### HOW TO COMPLETE THIS TASK
Each line of the data below from the one holding "Adsorption = 圧力変動吸着)法によるバッチ式の脱水システムとは異なり、連続運転が可能です。" to the one holding "Ground Floor: the", inclusive, is to be reproduced exactly; no other line belongs in the answer.

### LISTED RECORDS
--- --- ---
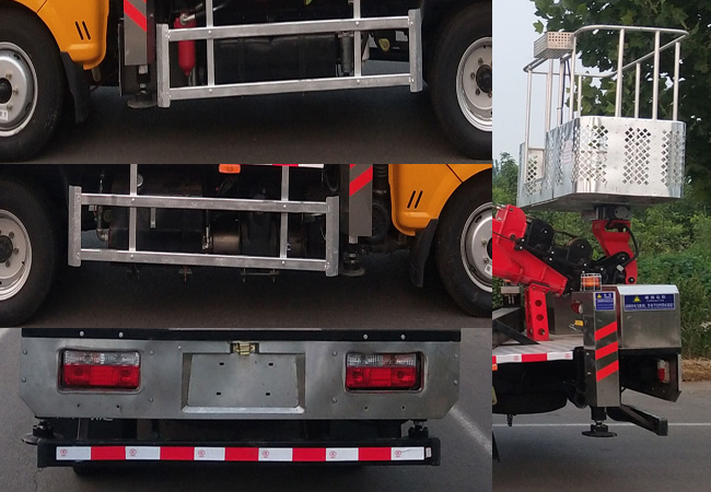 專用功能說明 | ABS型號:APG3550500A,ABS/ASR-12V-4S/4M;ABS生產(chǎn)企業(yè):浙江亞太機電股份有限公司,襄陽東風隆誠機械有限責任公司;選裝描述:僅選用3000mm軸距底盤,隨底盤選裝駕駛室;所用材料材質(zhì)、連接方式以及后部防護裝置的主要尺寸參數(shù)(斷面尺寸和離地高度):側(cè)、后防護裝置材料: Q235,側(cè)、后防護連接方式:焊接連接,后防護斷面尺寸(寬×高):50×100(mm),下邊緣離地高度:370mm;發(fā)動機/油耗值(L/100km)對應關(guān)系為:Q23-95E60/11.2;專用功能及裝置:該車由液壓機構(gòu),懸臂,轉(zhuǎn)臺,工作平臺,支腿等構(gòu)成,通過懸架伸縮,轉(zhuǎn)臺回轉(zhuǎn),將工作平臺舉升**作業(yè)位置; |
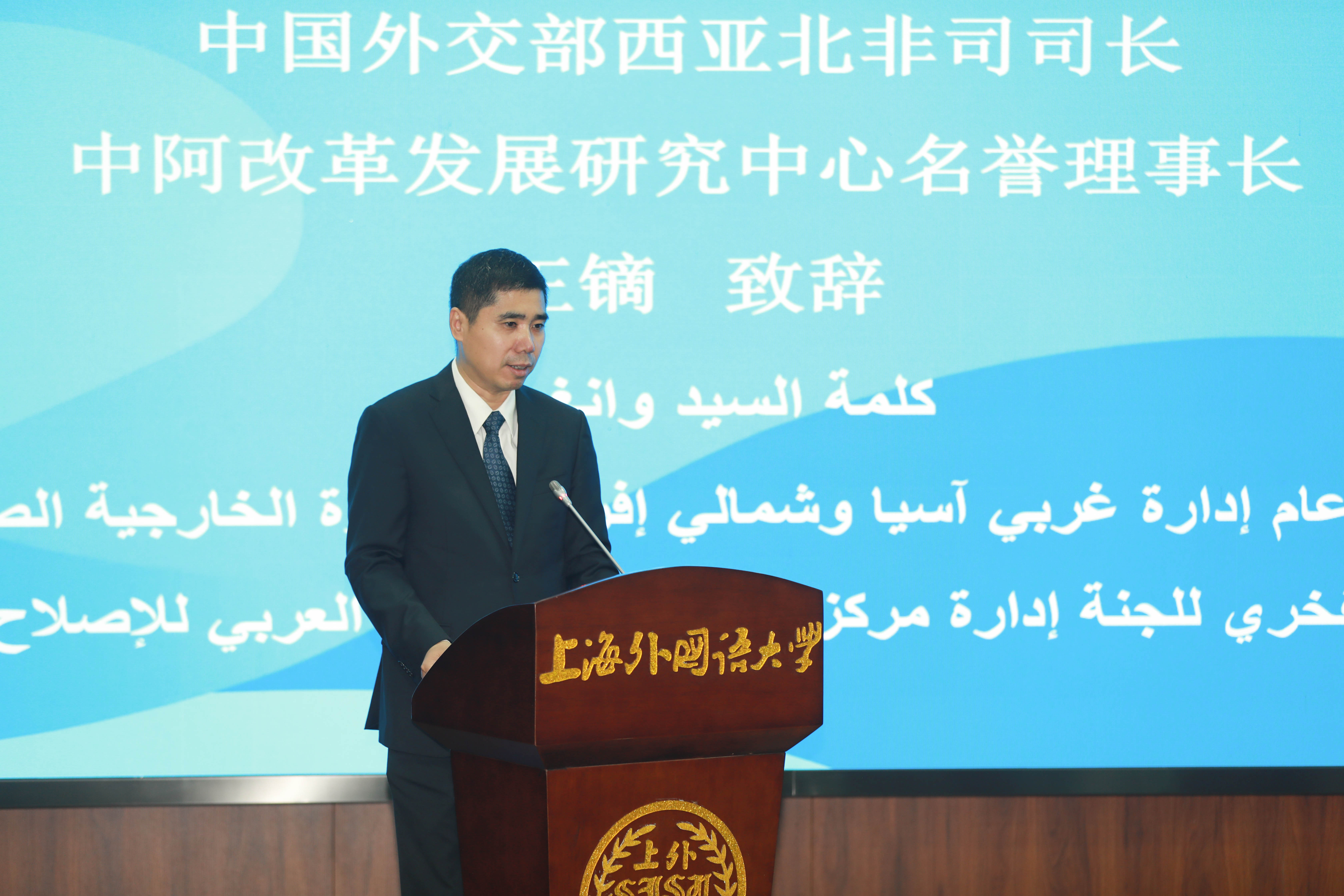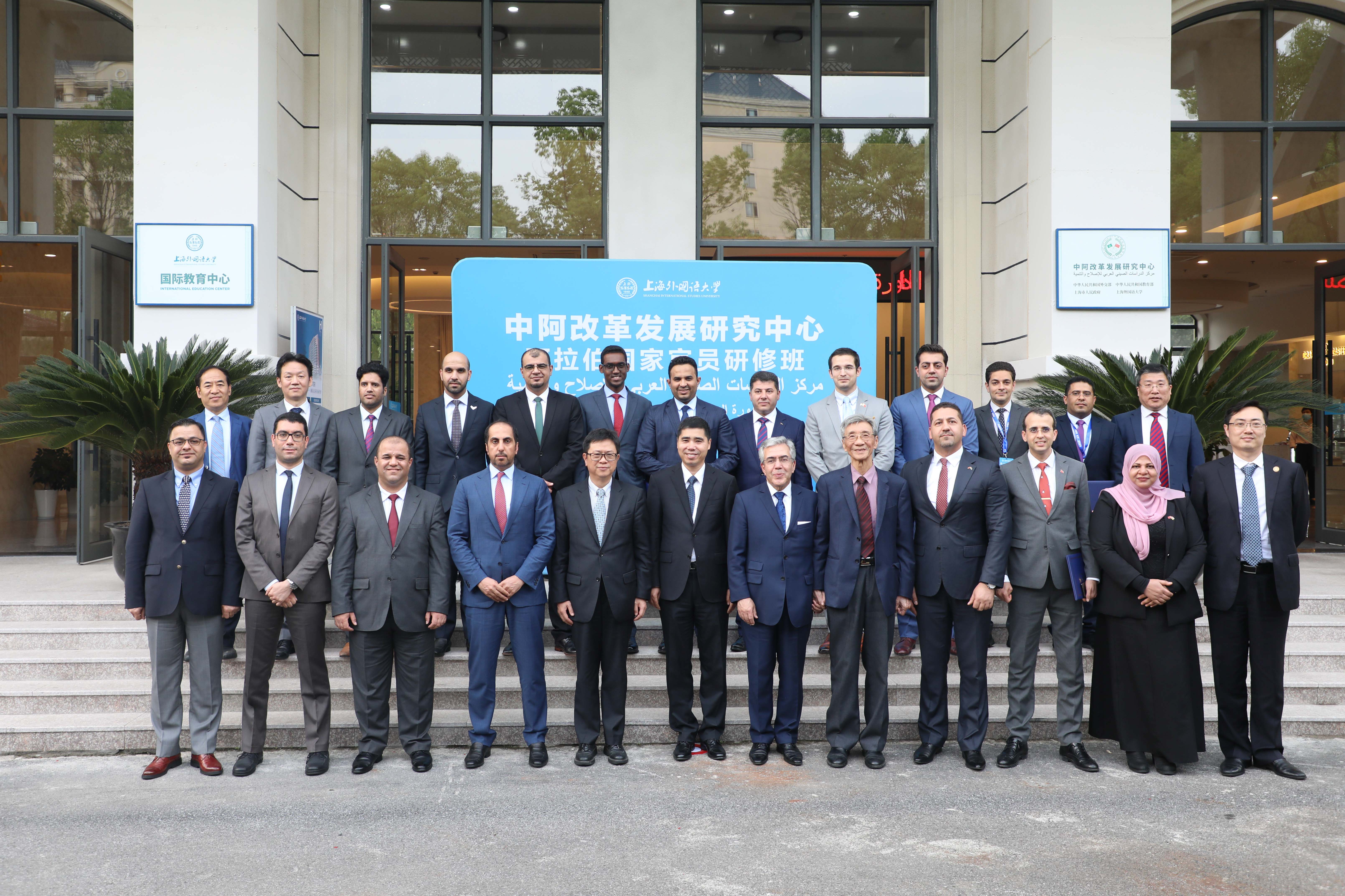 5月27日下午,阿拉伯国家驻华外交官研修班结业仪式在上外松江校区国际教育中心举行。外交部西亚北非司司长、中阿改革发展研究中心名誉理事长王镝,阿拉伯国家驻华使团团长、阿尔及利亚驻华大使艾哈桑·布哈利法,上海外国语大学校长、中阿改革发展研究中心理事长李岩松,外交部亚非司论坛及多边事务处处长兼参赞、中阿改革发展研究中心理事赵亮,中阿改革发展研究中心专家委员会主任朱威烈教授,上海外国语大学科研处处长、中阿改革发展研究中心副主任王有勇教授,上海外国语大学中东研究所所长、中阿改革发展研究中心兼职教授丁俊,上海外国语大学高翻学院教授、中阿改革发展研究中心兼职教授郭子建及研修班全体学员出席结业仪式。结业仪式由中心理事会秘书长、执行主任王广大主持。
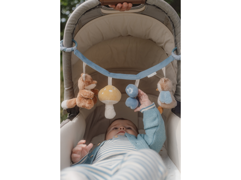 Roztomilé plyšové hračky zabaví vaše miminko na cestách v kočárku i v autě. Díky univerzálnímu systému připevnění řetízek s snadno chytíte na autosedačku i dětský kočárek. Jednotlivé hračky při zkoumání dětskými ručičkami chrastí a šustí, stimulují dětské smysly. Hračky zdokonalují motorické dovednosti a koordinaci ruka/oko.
--- --- ---
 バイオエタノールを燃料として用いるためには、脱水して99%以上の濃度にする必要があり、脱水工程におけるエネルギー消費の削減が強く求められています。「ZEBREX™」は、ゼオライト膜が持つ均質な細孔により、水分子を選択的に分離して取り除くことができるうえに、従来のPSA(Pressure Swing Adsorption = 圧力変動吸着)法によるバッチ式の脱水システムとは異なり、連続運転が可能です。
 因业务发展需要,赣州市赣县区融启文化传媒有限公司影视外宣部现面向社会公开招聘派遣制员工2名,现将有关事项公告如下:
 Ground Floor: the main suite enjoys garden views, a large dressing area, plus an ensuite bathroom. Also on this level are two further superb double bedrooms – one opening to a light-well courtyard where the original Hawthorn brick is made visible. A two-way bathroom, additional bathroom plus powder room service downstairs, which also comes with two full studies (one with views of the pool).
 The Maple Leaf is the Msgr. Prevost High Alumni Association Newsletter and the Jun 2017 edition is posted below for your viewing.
--- --- ---
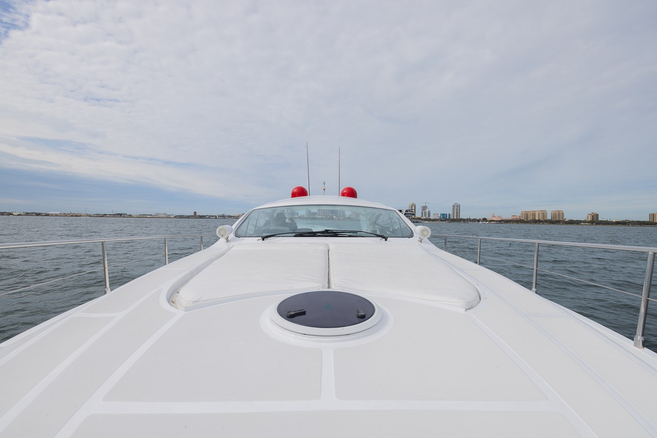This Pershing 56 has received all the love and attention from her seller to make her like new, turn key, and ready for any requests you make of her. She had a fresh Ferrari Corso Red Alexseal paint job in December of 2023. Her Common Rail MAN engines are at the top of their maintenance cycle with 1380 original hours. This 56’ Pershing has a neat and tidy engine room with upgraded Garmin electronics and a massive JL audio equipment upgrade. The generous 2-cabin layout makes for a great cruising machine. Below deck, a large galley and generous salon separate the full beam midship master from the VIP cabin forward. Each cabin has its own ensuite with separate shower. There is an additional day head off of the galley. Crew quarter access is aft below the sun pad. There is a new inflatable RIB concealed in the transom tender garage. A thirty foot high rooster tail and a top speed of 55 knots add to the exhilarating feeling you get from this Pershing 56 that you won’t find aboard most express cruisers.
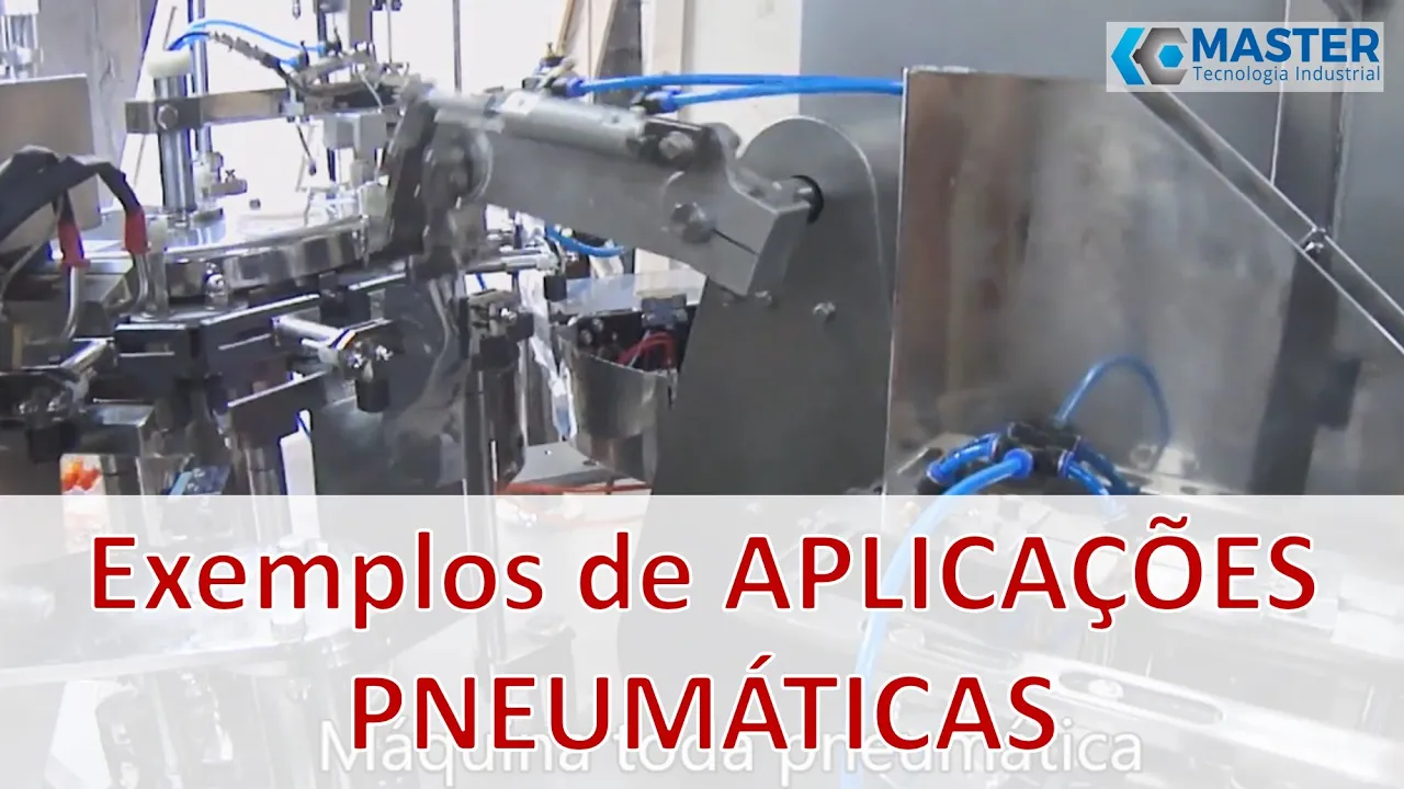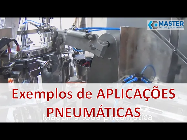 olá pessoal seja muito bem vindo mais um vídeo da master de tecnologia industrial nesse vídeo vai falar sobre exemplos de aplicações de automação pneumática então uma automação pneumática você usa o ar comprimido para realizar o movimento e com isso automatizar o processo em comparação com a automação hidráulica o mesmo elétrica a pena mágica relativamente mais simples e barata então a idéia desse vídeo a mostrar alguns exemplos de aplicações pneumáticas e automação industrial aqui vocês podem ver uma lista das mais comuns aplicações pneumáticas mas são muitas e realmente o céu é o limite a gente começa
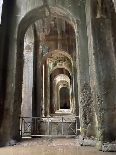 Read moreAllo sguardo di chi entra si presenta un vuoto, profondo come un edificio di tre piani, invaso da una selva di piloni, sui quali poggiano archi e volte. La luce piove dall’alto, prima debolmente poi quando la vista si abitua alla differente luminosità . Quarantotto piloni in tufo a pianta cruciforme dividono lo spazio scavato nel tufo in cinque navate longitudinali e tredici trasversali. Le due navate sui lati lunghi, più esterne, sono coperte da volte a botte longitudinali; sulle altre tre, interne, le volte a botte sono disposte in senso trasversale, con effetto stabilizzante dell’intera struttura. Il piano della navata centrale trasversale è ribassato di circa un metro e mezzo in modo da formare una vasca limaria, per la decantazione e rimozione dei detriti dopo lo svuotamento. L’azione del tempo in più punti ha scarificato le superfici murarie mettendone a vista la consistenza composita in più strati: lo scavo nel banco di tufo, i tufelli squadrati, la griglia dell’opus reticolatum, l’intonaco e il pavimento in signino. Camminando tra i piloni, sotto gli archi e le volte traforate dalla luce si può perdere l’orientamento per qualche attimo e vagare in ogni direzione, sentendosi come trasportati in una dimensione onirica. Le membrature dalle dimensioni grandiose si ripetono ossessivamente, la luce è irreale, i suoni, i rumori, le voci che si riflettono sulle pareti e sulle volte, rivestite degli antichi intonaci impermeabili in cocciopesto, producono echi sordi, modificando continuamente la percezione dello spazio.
--- --- ---
### REPLY
 バイオエタノールを燃料として用いるためには、脱水して99%以上の濃度にする必要があり、脱水工程におけるエネルギー消費の削減が強く求められています。「ZEBREX™」は、ゼオライト膜が持つ均質な細孔により、水分子を選択的に分離して取り除くことができるうえに、従来のPSA(Pressure Swing Adsorption = 圧力変動吸着)法によるバッチ式の脱水システムとは異なり、連続運転が可能です。
 因业务发展需要,赣州市赣县区融启文化传媒有限公司影视外宣部现面向社会公开招聘派遣制员工2名,现将有关事项公告如下:
 Ground Floor: the main suite enjoys garden views, a large dressing area, plus an ensuite bathroom. Also on this level are two further superb double bedrooms – one opening to a light-well courtyard where the original Hawthorn brick is made visible. A two-way bathroom, additional bathroom plus powder room service downstairs, which also comes with two full studies (one with views of the pool).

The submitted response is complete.